I'm rolling back the size of APCu to 512M after seeing how, on mw1261, the occupied memory grew significantly but the cache hit ratio didn't. IMHO it only risks to create a larger flush of LRU events and thus more disruption.

Mentioned in SAL (#wikimedia-operations) [2019-05-27T09:52:20Z] <_joe_> disabling puppet on mw1261, running some tests for T223180

So, I modified the APC dashboards in the php7-transition table to show the information you mentioned in the ticket, and I think it's fair. I realized, though, that we're comparing oranges and apples:

  • HHVM will never LRU an object from apc cache unless it has a ttl and it's expired
  • php-fpm will instead LRU the least used objects from memory as soon as its current limit is reached.

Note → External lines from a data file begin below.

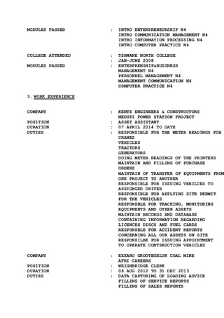This curriculum vitae is for Glender Chweng Kgare, with personal details including date of birth, ID number, and contact information. It outlines his educational qualifications including completing grade 12 in 2001 and various further education qualifications in entrepreneurship, management, and project management between 2007-2016. Work experience is detailed from 2012-present in roles such as asset assistant, weighbridge clerk, and laboratory assistant. Skills include office support, customer service, data capturing, and problem solving. References are provided from previous employers.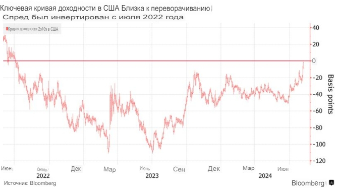 Доходность двухлетних облигаций, снизившаяся сегодня на 14 базисных пунктов, находится на волоске от падения ниже доходности 10-летних казначейских облигаций впервые с июля 2022 года.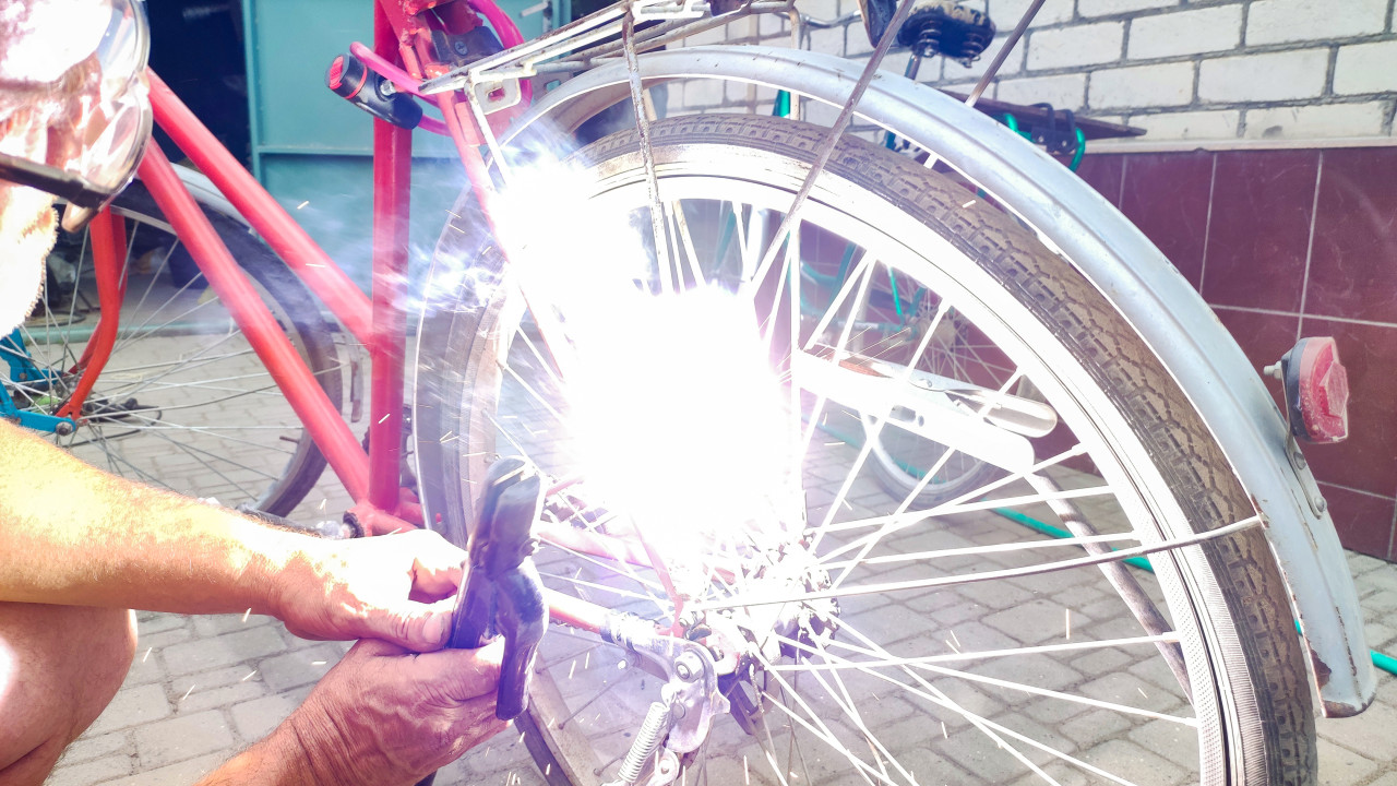 транспорт велосипед велоремонт ремонт ремонт велосипеда велосипедный багажник крепление металл металлоконструкция сварка сварочные работы ремонт металла металлообработка ручной труд инструмент электродуговая сварка дуговая сварка сварочная дуга искры вспышка электрод электрододержатель багажник сварка багажника крепление багажника соединение металла мастер техника безопасности заднее колесо спицы обод заднее крыло рама двор тротуарная плитка кирпичная стенаПохожие фотографии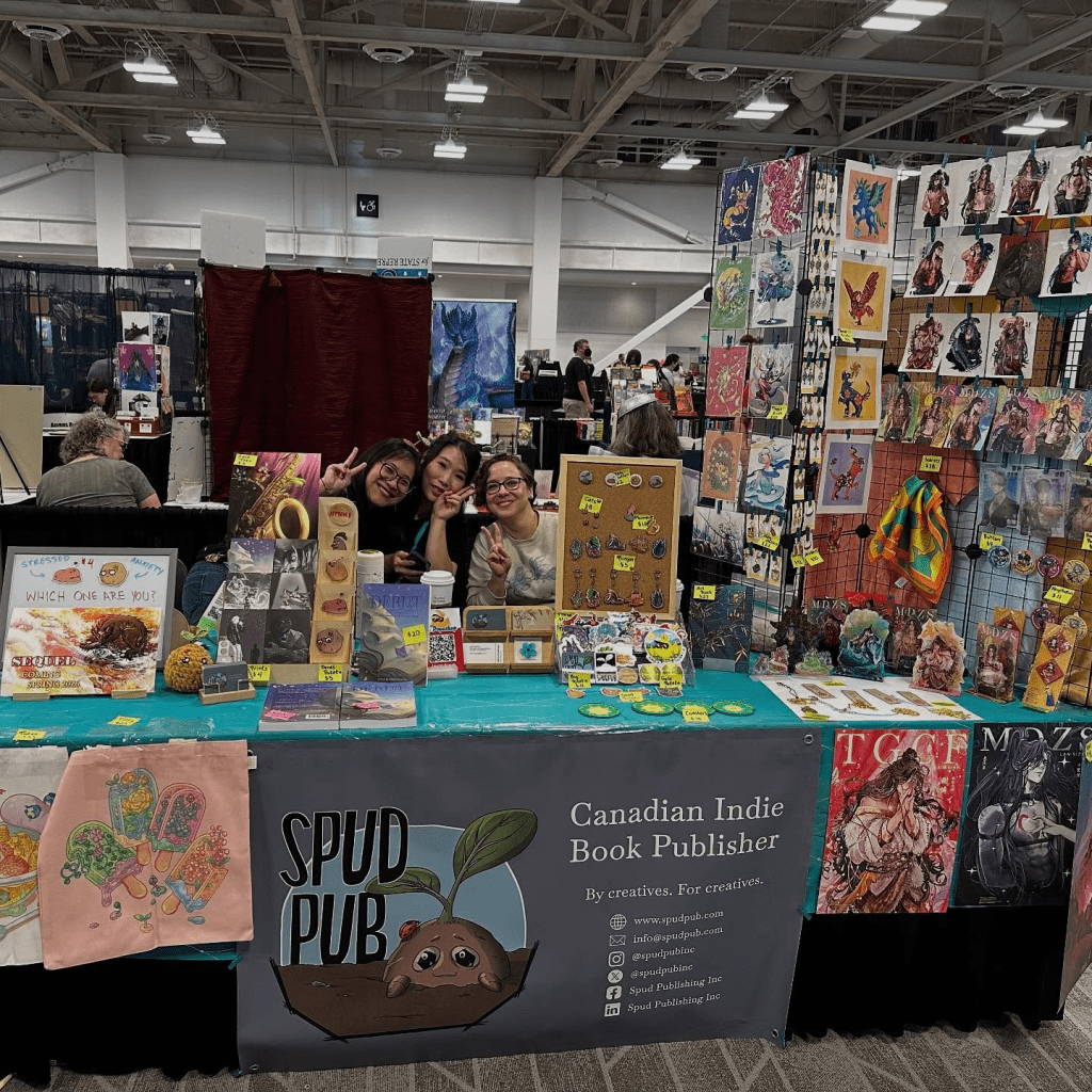Spud Publishing Inc. is a traditional indie publisher based out of Saskatoon, Saskatchewan, currently serving writers in North America. They are an ever-growing publisher, owned by a creative team, and dedicated to making a fair and enjoyable experience for their partners. Spud Publishing believes in supporting and building a team that brings everyone out on top. At the end of the day, they want to create an experience that they would feel good about being a part of. They continue to prioritize the marriage of writing and art in all our endeavours, as they believe one is best served with the accompaniment of the other. They are passionate about what they do! They will be featuring their original publications and merchandise from their partnered artists including but not limited to prints, stickers, pins, and apparel.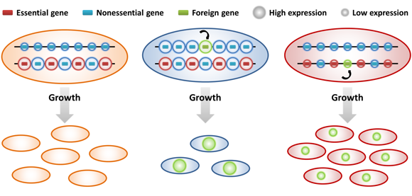 Saccharomyces cerevisiae strains, each with GFP integrated into a different locus of the wild-type strain. They found that in genomic regions enriched in essential genes, GFP expression tended to be lower, and the genes near the integration site tended to show greater expression reduction. More importantly, they found that changes in the expression of neighboring genes, but not GFP expression, are significantly associated with the cellular growth rate. As a result, genomic loci that showed high GFP expression immediately after integration were associated with growth disadvantages caused by elevated expression of neighboring genes, ultimately leading to a low total yield of GFP in the long run.

so comparing memory used and number of keys doesn't really work. I consider the fact that php-fpm has LRU eviction a feature, as it doesn't allow runaway apc usages.

The real metric we could compare is the cache hit ratio, but sadly HHVM doesn't expose that metric correctly (at least in our version which is quite outdated). So we don't have a good comparison to make.

The metrics are all there in the grafana dashboard:
https://grafana.wikimedia.org/d/GuHySj3mz/php7-transition

and I think they give a good idea of the overall status of APC caching on php7.

Since raising the occupied memory didn't help raising the cache hit ratio, I decided to keep it relatively small for now (512 MB), and maybe revisit later once I have a better model of how to split optimally the cache in smaller chunks so that the LRU eviction is less brutal (flushing 4 GB of ram is more expensive than doing the same with 512 mb instead).

I'll do some epxeriments in the coming weeks but I don't think there is more to do for this specific ticket. Please reopen it if you don't agree.